SAN DIEGO -- The first day of a mostly ill-fated series at Petco Park, Rockies outfielder Mickey Moniak had two baseball bats -- one pink, one blue -- leaned against a wall near his locker. Was this a reveal? Were congratulations in order?
“You’re about the fourth person to ask that,” said Moniak, who explained that those were just Father’s Day/Mother’s Day custom models.
With the Rockies playing near his offseason home, he just brought a few items back.
No mystery there. And if all goes as expected after the season, there will be no mystery about Moniak’s baseball home next season.
Moniak’s fourth-inning solo home run off Yu Darvish and sixth-inning three-run homer off Jeremiah Estrada on a career-high five-RBI day gave the Rockies a chance in their 9-6 loss to the contending Padres, who took three of four games in the series.
Signed just before Opening Day, Moniak has given the Rockies solid offense and usefulness at all three outfield positions.
“I’ve seen the ball well and was able to jump on two good pitches to hit, put good swings on them,” said the 27-year-old Moniak, who increased his career-best season totals to 21 homers and 62 RBIs.
When the season ends, Moniak will be eligible for salary arbitration for the second time in his career. This one should be much simpler than last.
“I got a crash course in arbitration the first year,” Moniak said.
Chosen first overall by the Phillies in the 2016 MLB Draft out of La Costa Canyon High School in Carlsbad, Calif., Moniak debuted in 2020 and was dealt to the Angels at the 2022 Trade Deadline as the Phils acquired pitcher Noah Syndergaard. Moniak hit .280 for the Angels in 85 games in 2023, but dropped to .219 in 124 games last season.
Moniak and the Angels couldn’t reach an accord, so his arbitration case went to a hearing -- an uncomfortable event with Moniak and his representation on one side and the Angels on the other, in front of a three-person panel. The situation has the potential for hard feelings.

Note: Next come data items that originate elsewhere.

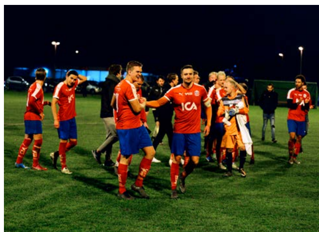
Nöjda spelare efter hemmaseger i tredje kvalmatchen, en mild oktoberkväll på Brunnbyvallen med mycket publik.

EFTER EN MÅNADS välbehövlig vila efter den extra långa säsongen börjar nu vinterträningen på konstgräset i Lerberget. Till våren är publiken välkommen till Brunnbyvallen igen.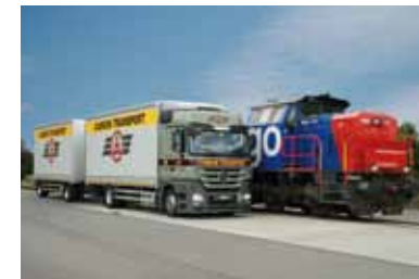
Con il sistema duale di trasporto della CAMION TRASPORT viaggiate su strade sicure.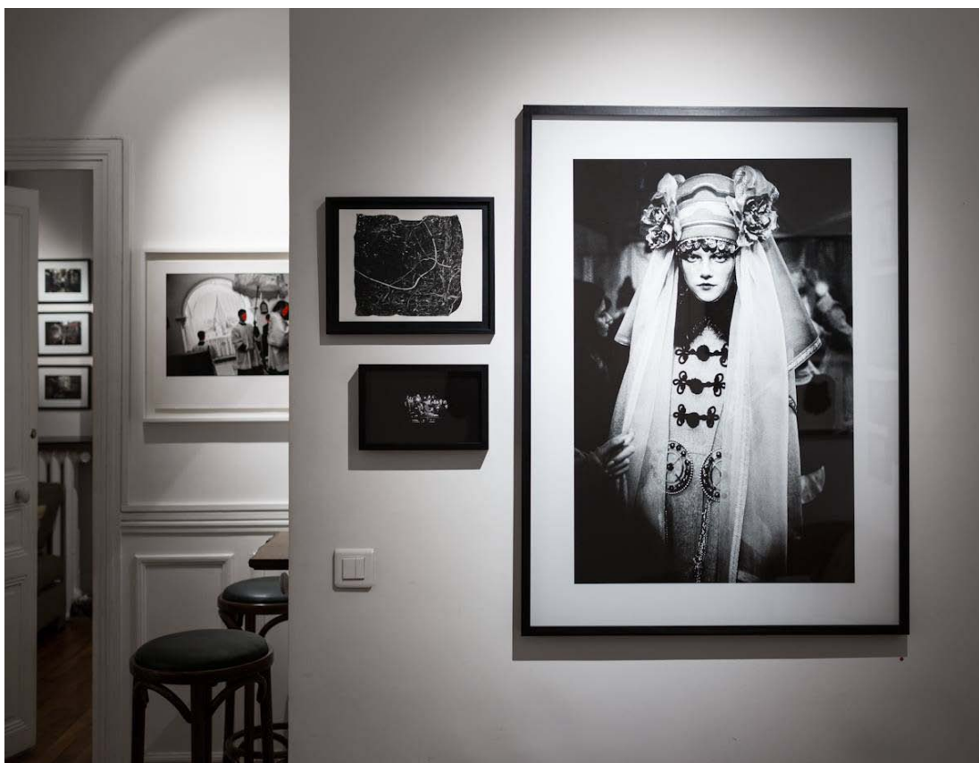
accrochage de l'exposition WALLS 01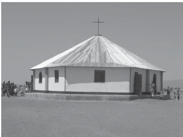
Eén van de kerkjes die gebouwd zijn met steun van de Vastenactie Campagne.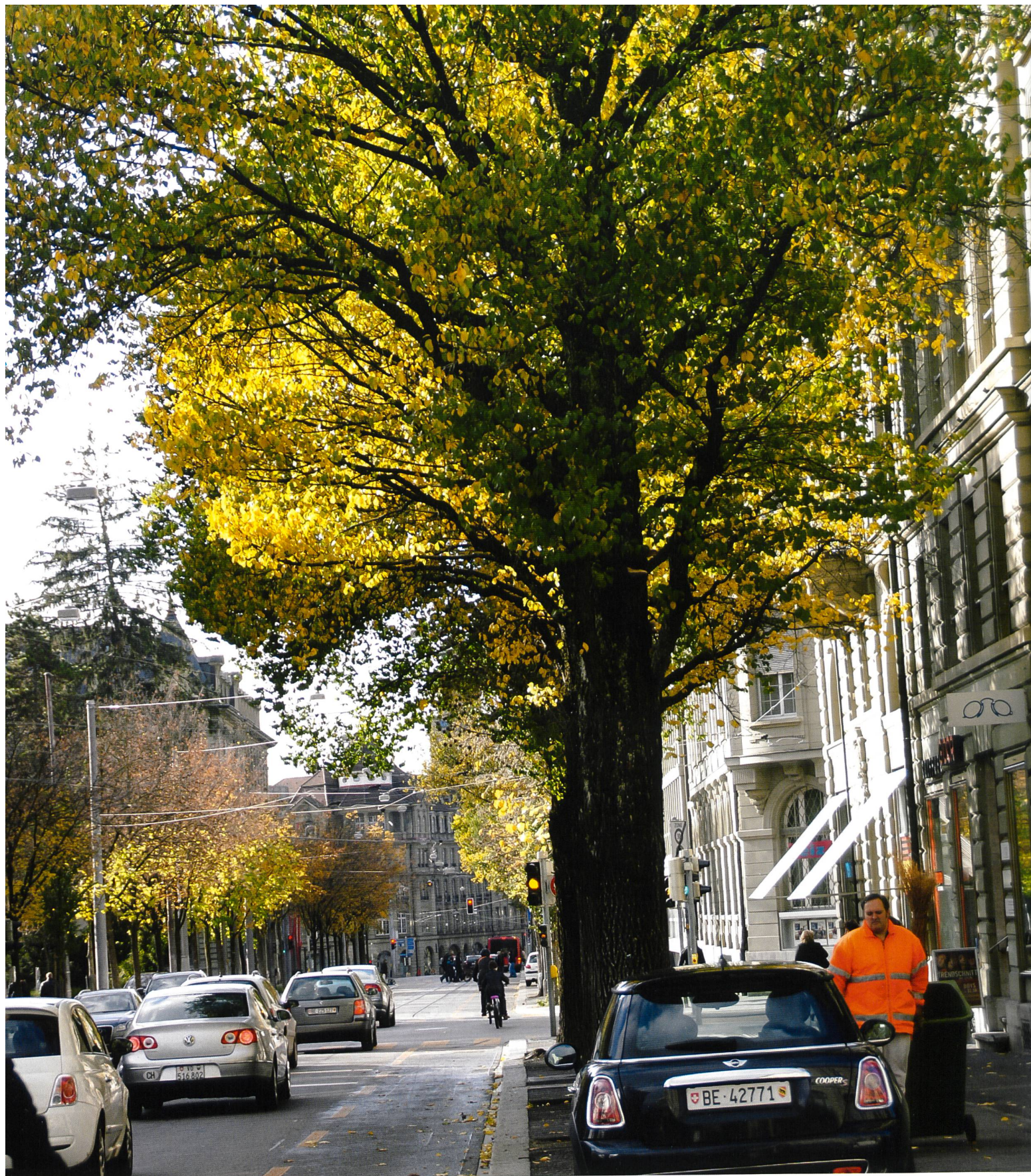
Der Standort des Ulmenraslings (siehe Titelbild) an der Bundesgasse in Bern. Un orme à la Bundesgasse à Berne, l'habitat de Hypsizygus ulmarius (voir page de garde).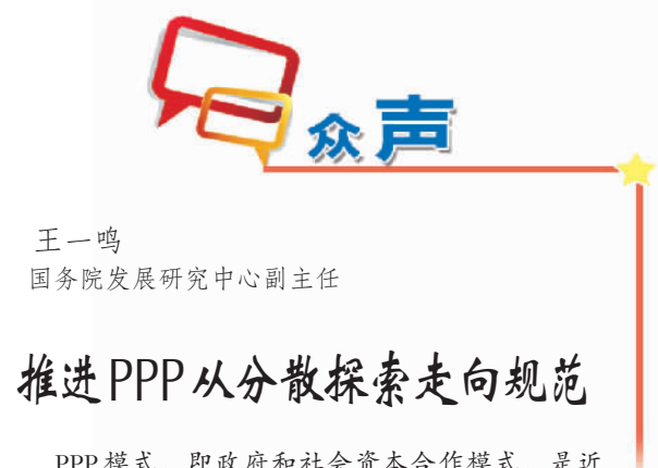
王一鸣 国务院发展研究中心副主任

无论制定规划还是实际操作，都要以我国的根本利益和经济安全为依据，立足国情，从实际出发，既统筹内外、远近、虚实，又保持定力，顺势而为，积极作为。各方唯有共同努力，形成资本市场的良好生态，股市投资才能更好地发挥经济晴雨表的作用，才能对实体经济发展发挥前哨作用、引导作用。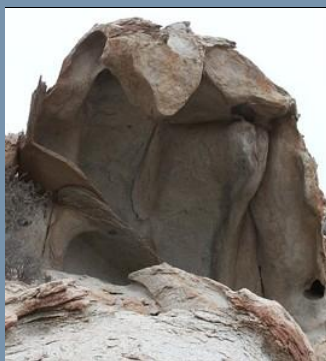
Tafoni en Atacama Aquí

Página: Ambiente eólico - viento - Dunas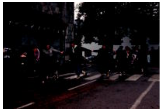
Arratsaldean, dantza emanaldia eskaini zuten. E. MAIZ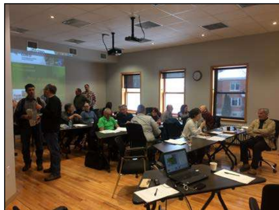
Figure 5 : Rencontre du comité consultatif concernant la planification intégrée et le zonage fonctionnel de la Forêt Hereford (février 2017)

Au total, plus de 560 heures ont été investies par Forêt Hereford et ses bénévoles dans ce projet de planification durant l'année (figure 5). Le volet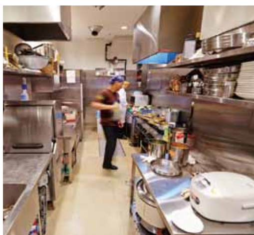
■ 空間をゆとりと使い、働きやすい動線を確保したキッチン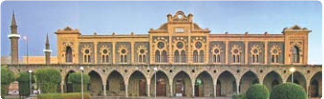
Anberiyeh Osmanlı Tren İstasyonu / Medine

Türkiye Finans Katılım Bankası - Üsküdar Şb. IBAN TR61 0020 6000 0800 4052 070102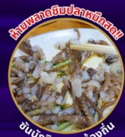
ห้ามพลาดอินปลาหมึกสด!!

ถ่ายรูปชิคๆ หมู่บ้านวัฒนธรรมคัมซอน เชคอิน คาเฟ่ริมทะเล วิวหลักล้าน ขึ้นเคเบิลคาร์ ชมทะเลปูซาน นั่งรถไฟปิ๊งปิ๊ง sky capsule ห้ามพลาด!! ตลาดปลาที่ใหญ่ที่สุด ชิมของอร่อยที่ตลาดแฮอนแด อิสระช้อปปิ้ง Lotte Duty Free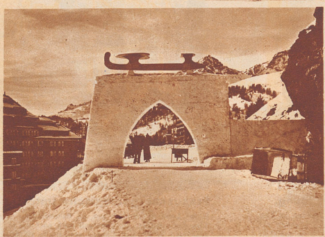
Das monumentale Eingangstor zum St. Moritzer Eisstadium, dem Schauplatz der Europa-Eiskunstlauf-Meisterschaften.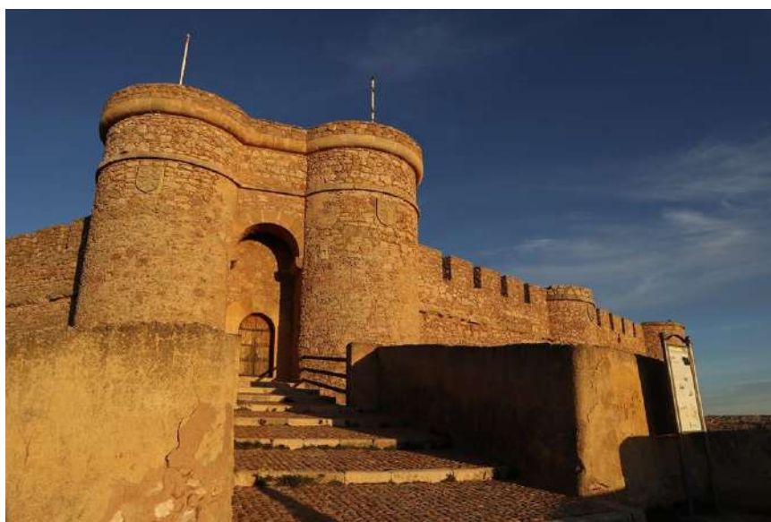
Murallas Castillo de Chinchilla de Montearagón

Como complemento para este viaje, recomendamos una escapada a la cercana población de Chinchilla de Montearagón. A escasos 13 km de Albacete, es uno de los pueblos más antiguos de la provincia, una joya medieval que se conserva prácticamente intacta. Destacar el castillo y la fortaleza, que dominan el paisaje desde el cerro de San Blas, proporcionándonos unas impresionantes vistas de la llanura manchega. Los niños podrán imaginarse que son caballeros e inventarse historias pasadas que sucedieron tras los muros del castillo.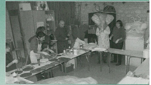
Le carnaval se prépare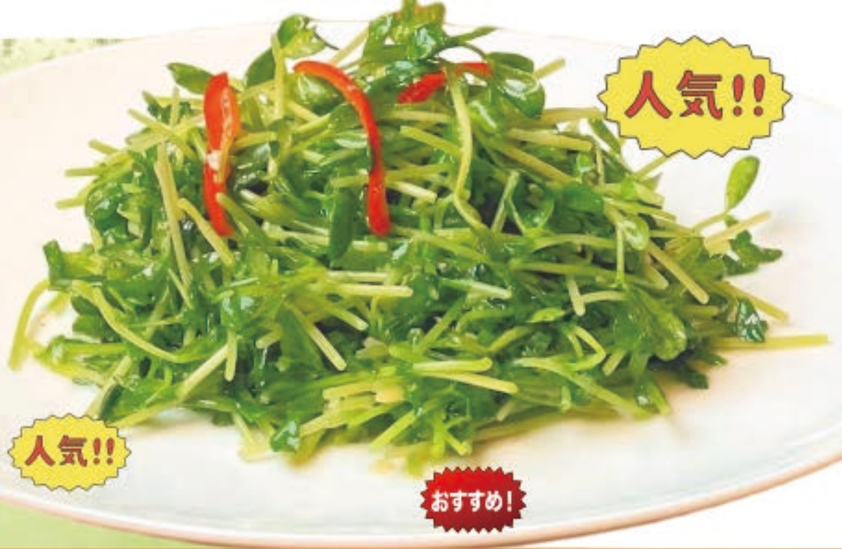
豆苗のうま塩味炒め 990円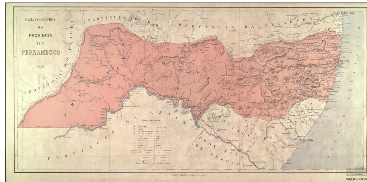
1889 Mapa de Pernambuco

Pernambuco tinha extensão territorial aproximada de 250 mil km 2 .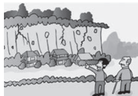
③がけに割れ目が見える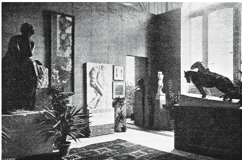
Slika 5 Postav izložbe u paviljonu Kraljevine Srbije , Međunarodna izložba, Rim, 1911. Fototeka Galerije Meštrović, Split, FGM-975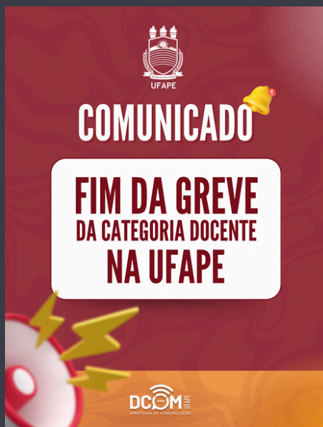
Card do comunicado do encerramento da greve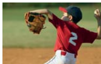
Baseball boys U13 - U15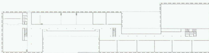
Die äussere tragende Betonstruktur ermöglicht im Innern grosse Flexibilität. Gymnasium und Grundschule sind unter einem Dach und umschliessen zwei Höfe (1. Preis, Soliman & Zurkirchen)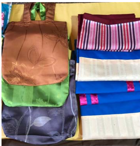
( การทดลองตลาดที่ตลาดท่าแพ มกราคม – มิถุนายน 2562)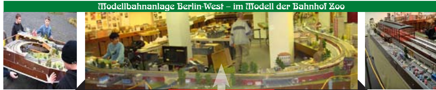
Modellbahnanlage Berlin-West – im Modell der Bahnhof Zoo

Auch künftig wird die permanente Weiterentwicklung des Modellbahnverbands in Deutschland e. V. vom Vorstand vorangetrieben.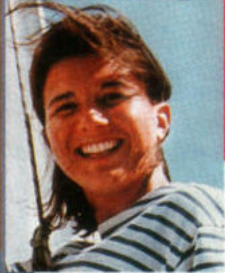
Olivia Maincent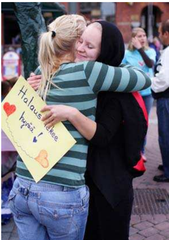
Kuva 5. Keskustorin halauspiste.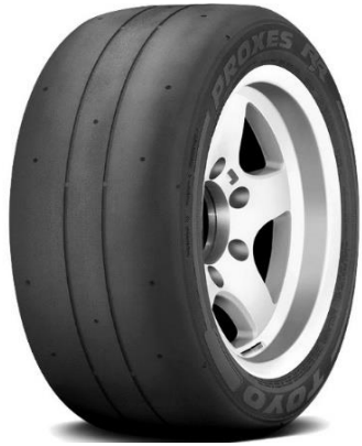
TOYO PROXES RR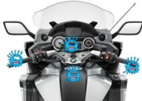
Illustration des parties à désinfecter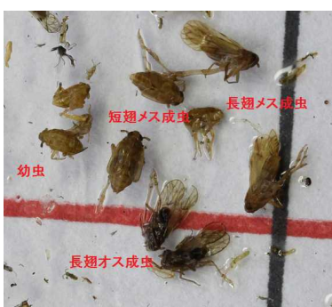
株元につくトビイロウンカ 粘着板への払い落とし(トビイロウンカ成幼虫)

防除に当たっては、農薬の使用基準（適用作物、使用量又は濃度、使用時期、総使用回数）を遵守してください。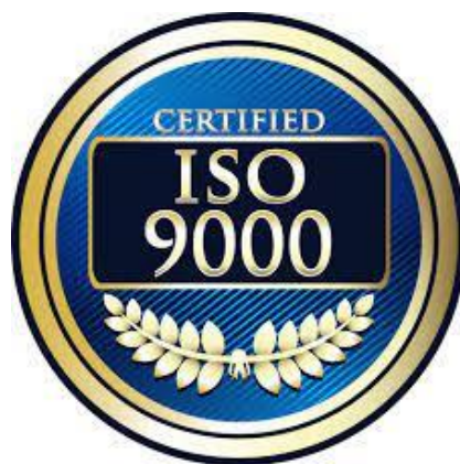
Slika 13. – ISO 9000 oznaka posjedovanje certifikata

Proces certificiranja razlikuje se ovisno o standardu i certifikacijskom tijelu. Koliko će cijeli proces trajati ovisi o veličini tvrtke ili organizacije, o broju zaposlenih i o tome da li tvrtka ili organizacija otprije prakticira upravljanje kvalitetom. Prednosti koje se ostvaruju primjenom ovog standarda i dobivanjem certifikata su bolja kvaliteta proizvoda i usluge, veće zadovoljstvo i povjerenje kupaca, veća produktivnost, smanjenje troškova i bolje konkuriranje na tržištu.

“You know, obviously, if you can avoid an arbitration hearing,” Moniak said. “But if you have to go through it, it’s a good experience. You learn the business side of the game. You sit in a room as they discuss your abilities and your career. I got a front-row seat of what the Angels really thought about me at the time. And you try not to take things personally. You can’t because that’s the team you’re going to be with.
“It's just like a debate -- just that you're watching stuff unfold in real time.”
It turned out Moniak was already working on his rebuttal.
Moniak sustained a right ankle sprain in November 2023, then fouled a pitch off the ankle the first week of the ’24 season. He played hurt the whole time. As a left-handed hitter, Moniak had been working around pain in his stride leg. But thrice-weekly physical therapy sessions as the offseason began improved the ankle and allowed him to continue a project to improve the swing.
“In the offseason, you take so many swings that if you want to make changes, that’s the time to do it,” Moniak said. “The last few years, really before the 2023 season, I made a big change in my swing just to have a cleaner path and stay through the zone a little bit longer.”
Moniak won the arbitration case and a $2 million salary for ’25. But the Angels released him in Spring Training and escaped all but about $484,000. However, the Rockies signed him for $1.734 million.
Sunday was the latest display of how health and internalized swing mechanics have buoyed Moniak.
Proceedings looked doleful through three innings, when the Rockies fell behind, 7-0. Rockies starter Germán Márquez yielded Jackson Merrill’s three-run homer in the second inning but many of the hits were along the ground. Then it became Moniak’s game.
Moniak, who also stole two bases, added an RBI single in the seventh off Adrian Morejon to cut the difference to 7-6, before Gavin Sheets knocked a two-out, two-run double off Rockies reliever Jimmy Herget in the eighth.
“He got us not singlehandedly -- but pretty close -- back in that ballgame,” Rockies interim manager Warren Schaeffer said.
Added Márquez: “I feel happy to see that guy have days like that, because he’s a hard worker.”